Antioxidative enzymes, including SOD, POX, and CAT are the main enzymatic antioxidants associated with plant resistance and play pivotal roles in decreasing the H2O2 and MDA contents and maintaining cell membrane integrity under oxidative stresses (Chen et al. 2015). Application of clino-rotation induced significantly antioxidative enzyme activities against to the control group. CAT enzyme showed the higher activity than that of the other enzymes (Fig. 5c), indicating that CAT was more sensitive to gravity changes and plays a vital role in the scavenging of H2O2 free radicals. Induction of SOD and POX activities has been previously reported in Stevia (Choi et al. (2011) and tomato (Chen et al. 2015) under clino-rotation. SOD is an initial line of protection against ROS-induced injuries, and it causes the dismutation of superoxide into H2O2 that must be convert to O2 and H2O by other antioxidative enzymes like APX, CAT, and POX (Ozkur et al. 2009). These results suggest that enhanced antioxidative enzymes might provide better protection to the cells against oxidative stress triggered by clino-rotation (Fig. 6).
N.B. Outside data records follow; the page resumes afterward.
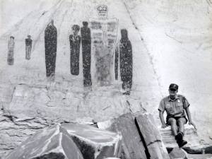 During that first visit I finally arrived at the Great Gallery very excited to see rock art I had studied in school years before but, until that time, had only seen photos of… When I arrived at the site I was shocked to discover that, by chance, I happened to know the steward who was on duty down in the remote canyon! The ranger, Craig Root, owned a ski school where I had worked the winter before my visit. Needless to say, after greeting him and discussing at length the gallery of amazing work, we invited him to join us for dinner at the canyon rim later that night. His was a lonely post and I think he enjoyed our company and antics that evening.
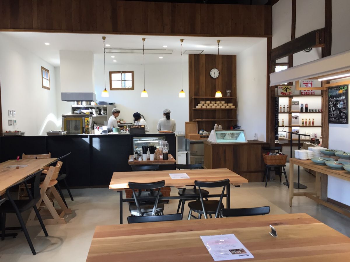 天井の高いゆったりとした雰囲気のカフェレストランでは、醤油、そうめんをはじめ、地元の農家さんが作る野菜を使ったビュッフェスタイルのランチを2018年秋からスタート。
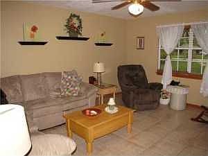 Lg family room leading to paver patio. Tile thru out except family room & bedrooms that have carpet. Large detached shop/garage(1800 sqft) Split bedroom plan, gas stove,refridgerator new in 2007. Roof new 2005. Dry lot with no pond. Circular drive, fenced yard with plenty of room for a pool.

PAGE analysis showed the quantitative differences in clino-rotated calli and control (Fig. 5), and revealed that all the antioxidative enzymatic bands in treated calli were stronger than the control. These data indicate all isoforms are involved in more efficiently against clinorotation-induced oxidative damage. Moreover, intensities of the SOD and POX isoforms established the spectrophotometric results. As Gaspar et al. (1982) reported, the POX is in various isoforms which are developmentally controlled and respond to exogenous stimulations. Clino-rotation increased band intensity of SOD isoforms especially, Cu/Zn–SOD isoform, which was more prominent than that of the Mn-SOD isoform (Fig. 5d). Cu/Zn–SOD isoforms are commonly located in chloroplast or cytosol, and Mn-SOD in mitochondria (Amor et al. 2005). Our results showed that the chloroplast or cytosolic isoforms of SOD (Cu/Zn–SOD) could be the main part of total SOD activity, and protected calli under clino-rotation.

Conclusion

This study prepares a new perception of M. chamomilla calli responses to clino-rotation through the analysis of enzymatic antioxidative pathways. The increase in antioxidant enzyme activity, accumulation of sugars, and growth parameters were observed under clino-rotation condition. The rise of cell growth, cell division proves that clino-rotation is not a limiting factor for the plant cell growth and development. CAT activity changes more obviously than POX and SOD, which means that CAT is more sensitive to clino-rotation than POX and SOD. A lower MDA content along with the increment of dry and fresh weights in clinostat treated-calli shows that calli are equipped with a free radical scavenging system. Though, the complicated mechanism in which antioxidant enzymes act a critical role following clino-rotation conditions stays obscure and needs to be examined further.